От этого мужчины пахло чем-то дорогим, слегка пряным, почти как от Нейлора. У него были повадки сильного, уверенного в себе человека, в теле ощущались гибкость и ловкость пантеры. И веяло чем-то опасным. Однако я пренебрегла тревожными сигналами. Я вышла на охотничью тропу и уже не могла, не хотела сворачивать в сторону, поддаваясь неясным ощущениям.
— Вы приходите сюда уже несколько дней подряд, — заявила я для начала.
Он пожал плечами:
— Возможно, мне здесь что-то нравится.
— Раньше вы у нас не бывали, — продолжила я. — Вы не здешний? Приехали по делам или поразвлечься?
Он притронулся к моей руке. Пальцы были горячие, властные, и я почувствовала, что слегка задыхаюсь.
— И то, и другое, — ответил он. — Впрочем, как мне кажется, удовольствия слишком много не бывает.
Он продолжал касаться моей руки и делал это как-то чересчур профессионально — другого слова не подберу. Да, этот парень, несомненно, был профессионалом высокой пробы, но вот только в чем? Это я и хотела бы выяснить.
— Сколько вы еще здесь пробудете? — спросила я.
— Сколько потребуется для дела, — ухмыльнулся он. Я заметила, что невдалеке от нас появился Бруно и рядом с ним Винсент. Краем уха услышала слова шефа и поняла: он ругает охранника за то, что тот не забрал у клиента оружие на хранение.
Не знаю, слышал ли это итальянец, но в это же время он сказал мне:
— Я должен идти.

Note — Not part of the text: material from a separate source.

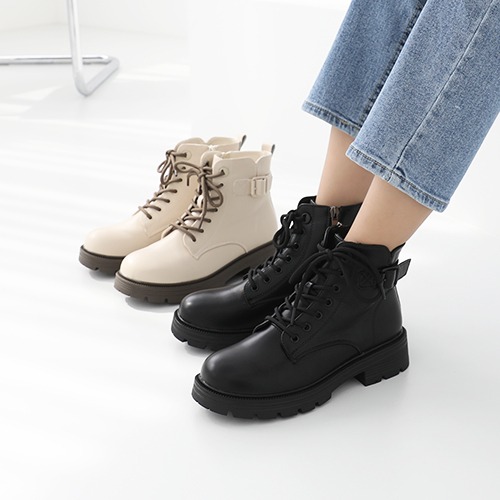 소가죽 세이론 플랫 워커부츠 4cm
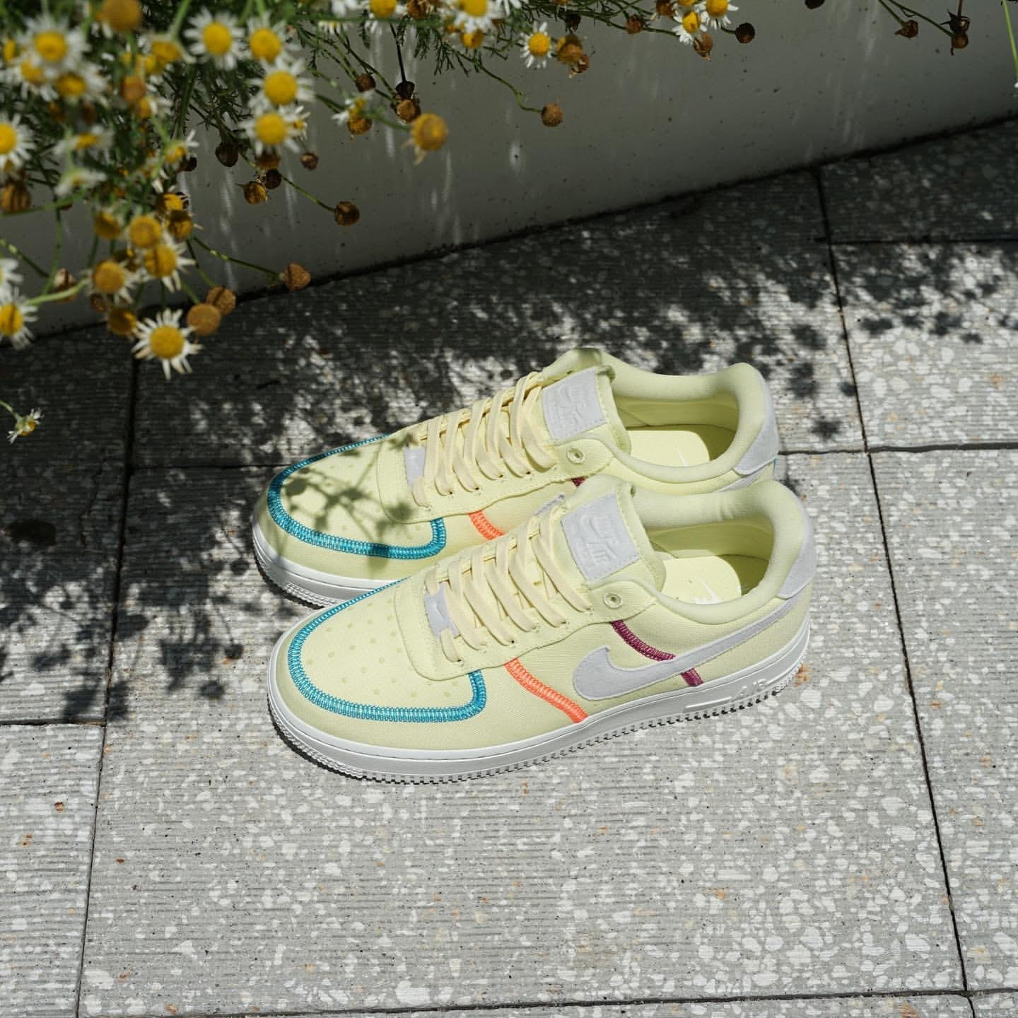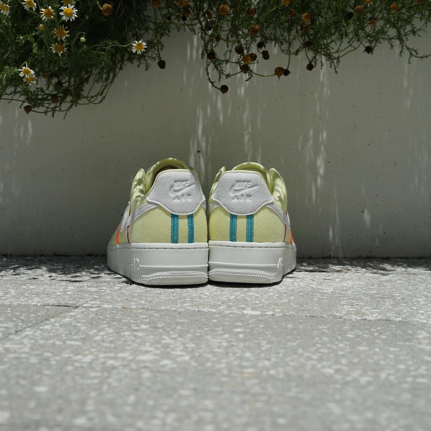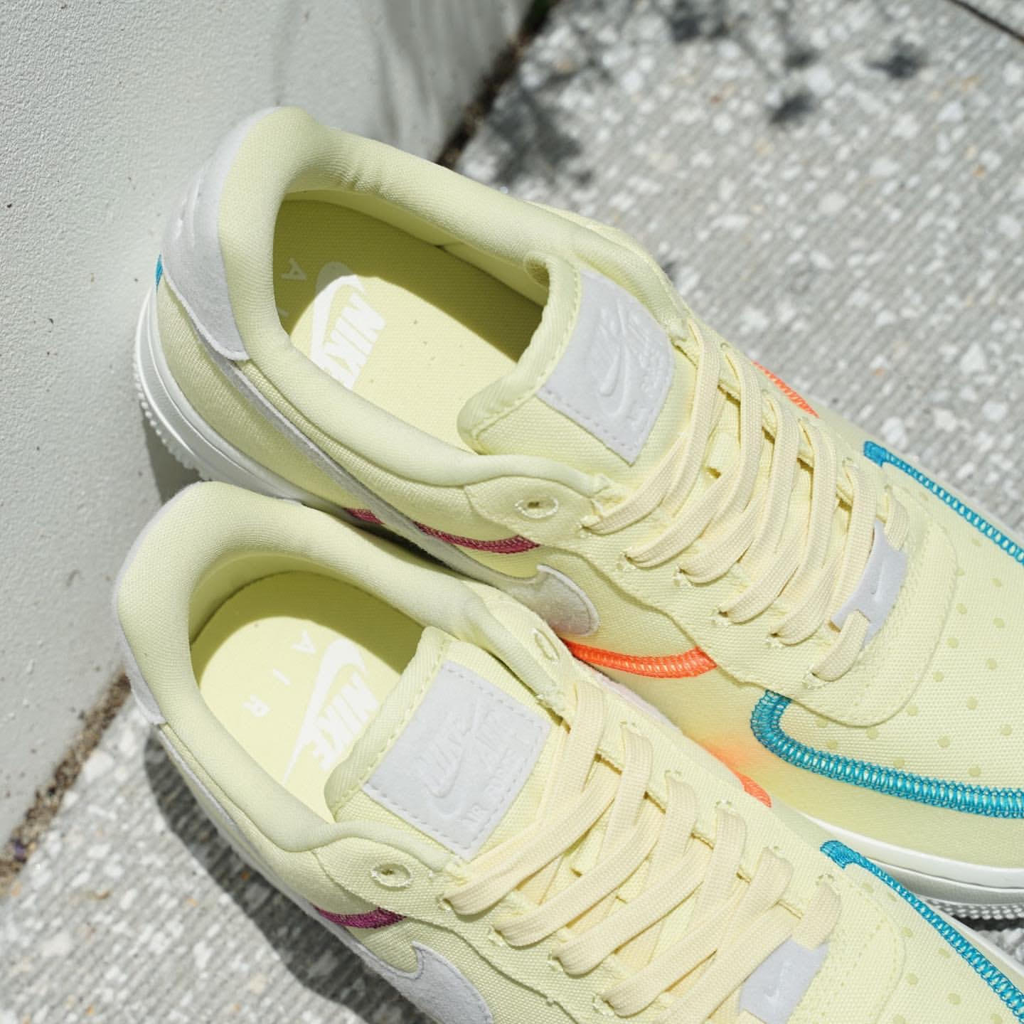 淡い色合いに鮮やかなラインが映え、Air Force 1のクラシカルで丸みのあるフォルムが際立つ絶妙なデザインです。

Хотелось бы, пока я в вашем городе, увидеть вас еще. Мне нужен кто-то, кто показал бы мне местные достопримечательности. Если они есть.
Я посмотрела ему прямо в глаза.
— Их здесь сколько угодно. Выше крыши. Только по ночам, — продолжала я, — у меня работа. И потом, я не привыкла общаться с людьми, чье имя мне неизвестно. Не говоря обо всем прочем.
Музыка вновь заиграла, оповещая о начале следующего номера. Мой собеседник отвернулся, его внимание привлекло появление на сцене Фрости Лике. На ней были прозрачный пеньюар и домашние туфли из кроличьего меха. Волосы заплетены в две светлые косички, в руках она держала плюшевого медведя. В общем, такая милая крошка, собирающаяся лечь в постельку с любимой игрушкой. Ко всему еще она сосала большой палец свободной руки. Ну прямо невинное дитя из силикона. В какие только места его не впрыскивают в наше время!
Красавчик вновь повернулся ко мне, его пальцы тронули мою руку, я опять ощутила жар чуть ли не во всем теле.
— Зовут меня Алонцо Барбони, — небрежно произнес он. — К вашим услугам. — Прямо как на званом вечере.
Прекрасно воспитан, ничего не скажешь. — Я из Нью-Йорка, — добавил он. — Занимаюсь страхованием.
Ну да, как же, подумала я. А я — продажей дамского белья.
Музыка продолжала греметь, Фрости продолжала изображать жутко испорченного ребенка — по-честному говоря, совсем неплохо, но уж очень противно. Вот она, двигаясь по сцене, приблизилась к нашему столику, мы встретились глазами, она самодовольно ухмыльнулась, задержала взгляд на мистере Барбони (так он себя назвал) и на какое-то мгновение замерла. На лице появилось тревожное выражение. Я взглянула вбок на Барбони — его взгляд, так мне по крайней мере показалось, выражал презрение и злость.
Когда Фрости возобновила танец, она споткнулась, сбилась с ритма. Свой номер гастролерша завершила вяло, намного хуже, чем начала.
— Вы ее знаете? — спросила я.
— По существу, нет, — лениво ответил он.
Под его взглядом у меня прямо спина похолодела. Подозрение возникло само собой, без моего участия. Внутри что-то говорило: не лезь, не вникай, оставь все как есть! Но искушение было сильнее, мой рот сам собой раскрылся, и я брякнула:
— Вы так же подействовали недавно на бедную Винус Лавмоушн, помните?
У него сузились глаза.
— О чем вы говорите? Но я уже перла напролом.
— Могу объяснить. И та, и другая, Винус и Фрости, приглашенные в наш клуб порнозвезды… И я подумала… Возможно, вы их всех так не любите, что они это чувствуют… Или вообще вы не любите… женщин.
Я поняла, что слегка зарапортовалась, сбилась, и, чтобы окончательно не проиграть в собственных глазах, нашла в себе силы посмотреть на него зазывным взглядом, обещавшим нечто в ближайшем будущем.
Парень откинулся на спинку стула, протянул руку, медленно провел пальцами по моей щеке и шее. Это было нечто, не предусмотренное правилами поведения, и Бруно имел все основания сделать клиенту соответствующее внушение, однако мой взгляд остановил нашего блюстителя нравов.
Как раз в тот момент, когда пальцы Алонцо Барбони еще блуждали по моей шее, в зал вошел Джон Нейлор. Боже, мелькнула у меня пугающая мысль, он вошел в зал и тем самым вышел из моей жизни! Ведь он увидел, как этот тип ласкал меня.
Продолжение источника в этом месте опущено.